Photo Credit: Gary M. Stolz, Washington DC Library, United States Fish and Wildlife Service Digital Library System (, WO8465-002), United States Fish and Wildlife Service (FWS,, United States Department of the Interior (, Government of the United States of America (USA)

Monday, December 3, 2007

Wildcard Wednesday Blog Carnival

During NaBloPoMo, I found so many great blogs out there. If you aren't familiar with Monkeys and Marbles or Busy Mom or Living in the Now, take a look.

But one thing I noticed is that they all have pictures, and Russian Mafia Babe does not. This is due in part to the fact that I am a lousy photographer. Also, any pictures I do manage to take remain trapped forever on my photo card, never to be uploaded.

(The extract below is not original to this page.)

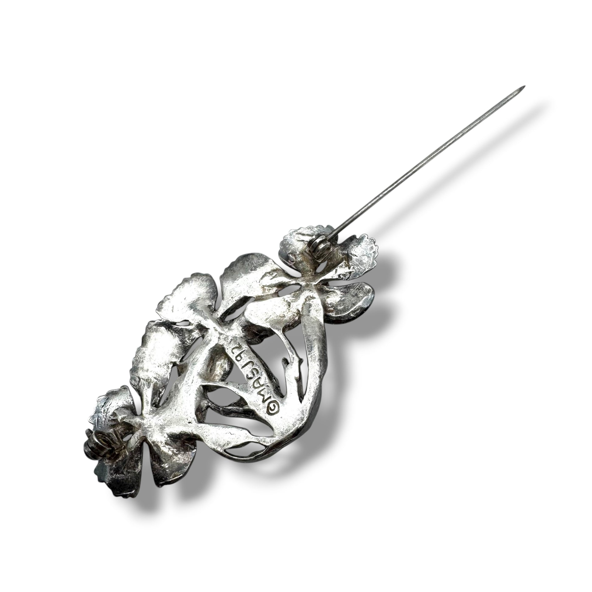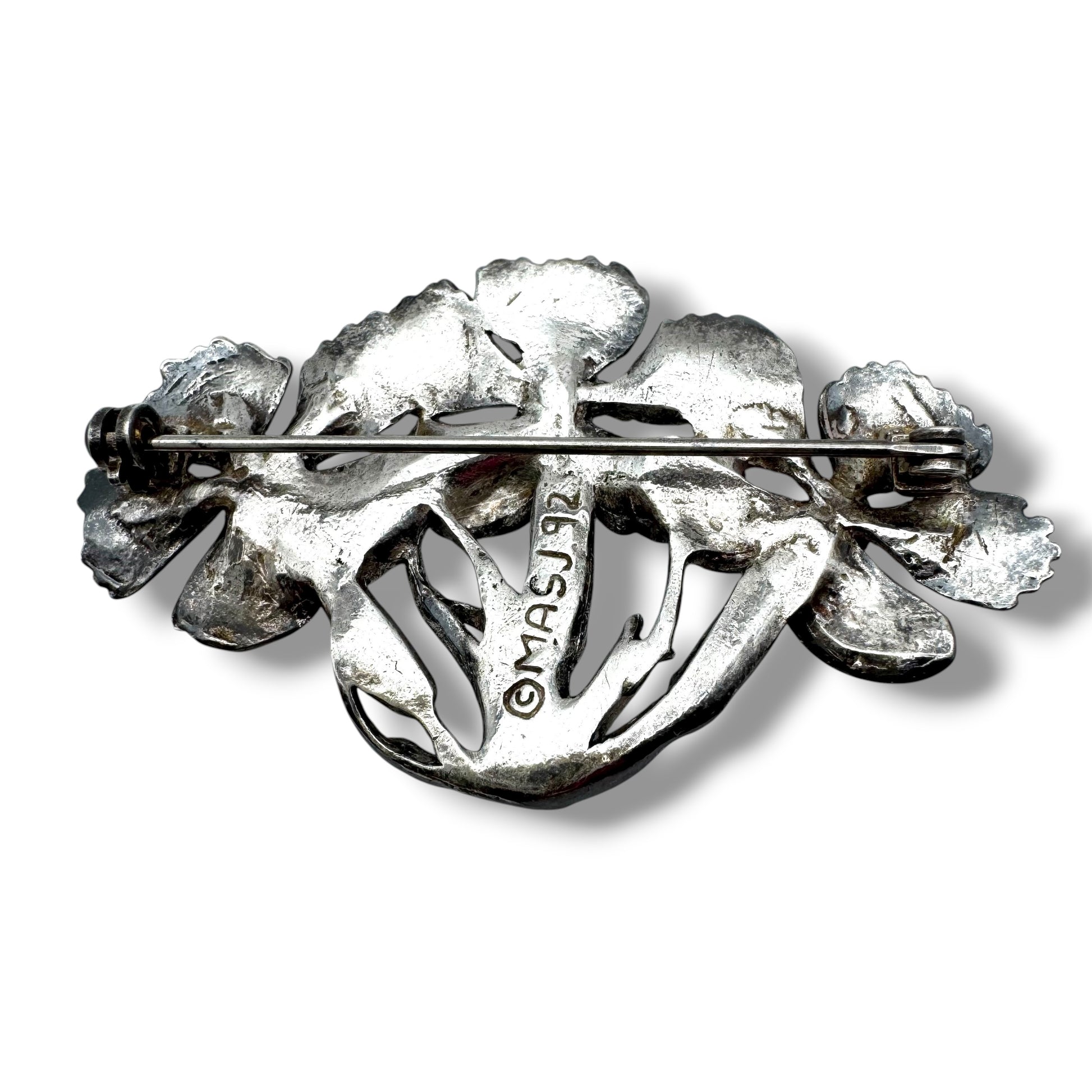 Edward Anthony and Maureen Ann Story-Jones established their family business focused on crafting silver jewellery and related items in the village of Berriew in Montgomeryshire, Wales, in 1984. In addition to jewellery, Edward Anthony and Maureen Ann crafted a variety of articles, including frames, clocks, pillboxes, and vases. The Silver Scenes collection primarily featured motifs inspired by nature, such as flowers, leaves, dragonflies, and butterflies, all meticulously detailed. These pieces were cast in pewter and then plated with silver or gold. The peak production of MASJ brooches occurred predominantly until the late 1990s, and today, they are highly sought after by collectors. Notably, MASJ pieces are often marked with a signature and date by hand or stamped with the MASJ logo.
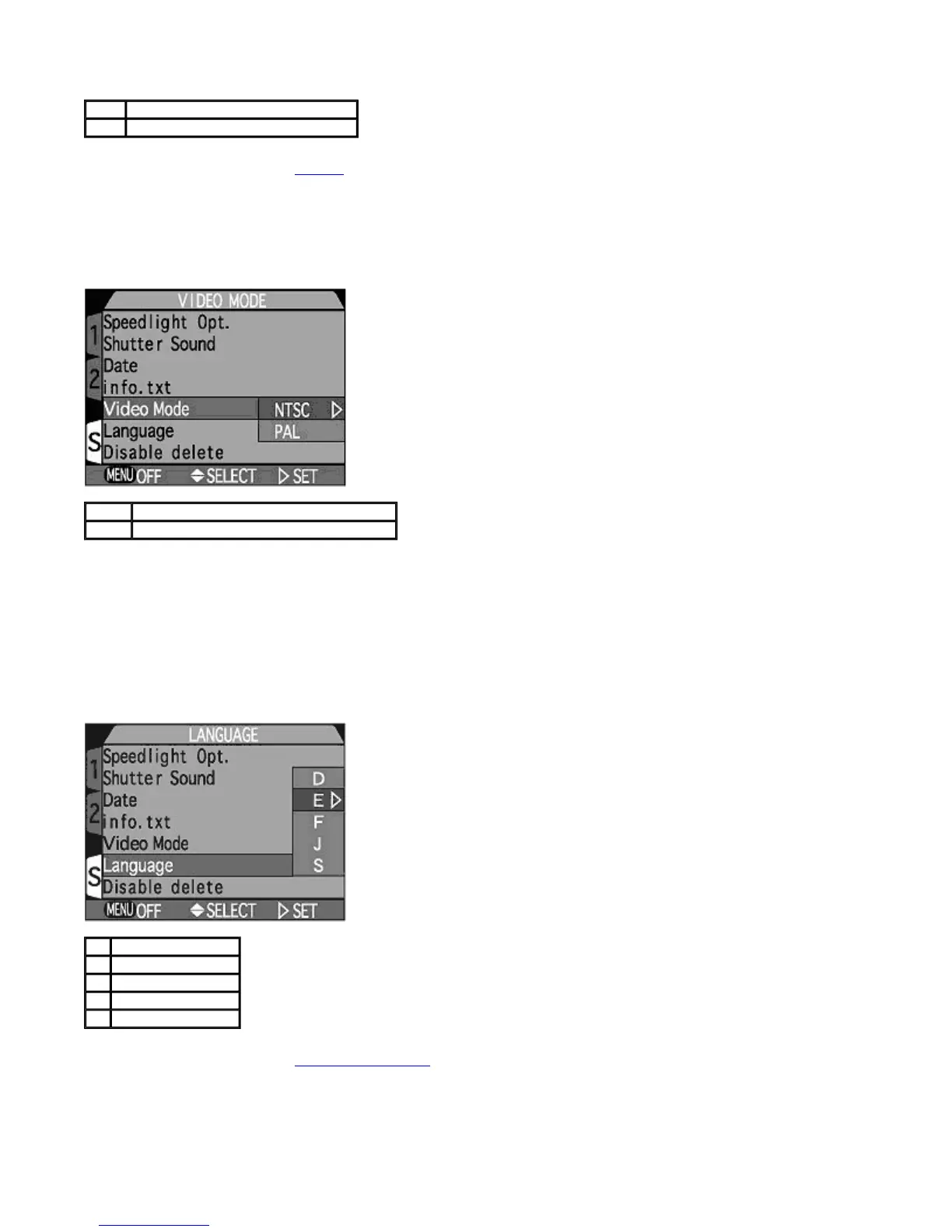 sub-menu to choose the language used in menus and messages displayed by the camera.

So clearly I need help. That's why I came up with the Wildcard Wednesday idea. Any photographer, or at least anyone better than RMB, who would like to provide me with an inspiring photo for Wednesday's posts may do so through Blog Carnival.

Then I will write something inspired by the photo. Maybe fiction, maybe an essay, maybe haiku - what is it with blogs and haiku? I've read more haiku since I've been blogging than during my entire years of school. Maybe I'll try one. Then the photographer is welcome to use whatever I write on his or her blog, if so desired. One less post to write, yes? Or at least a free link and bio.

By inspiring photo, I have no idea what I mean. This is a mom blog, and I am an animal rescue advocate, so please nothing cruel or lewd. Other than that, whatever you want to send. I'll also consider graphics and anime. Be sure to include your link, short bio, and email address for credit.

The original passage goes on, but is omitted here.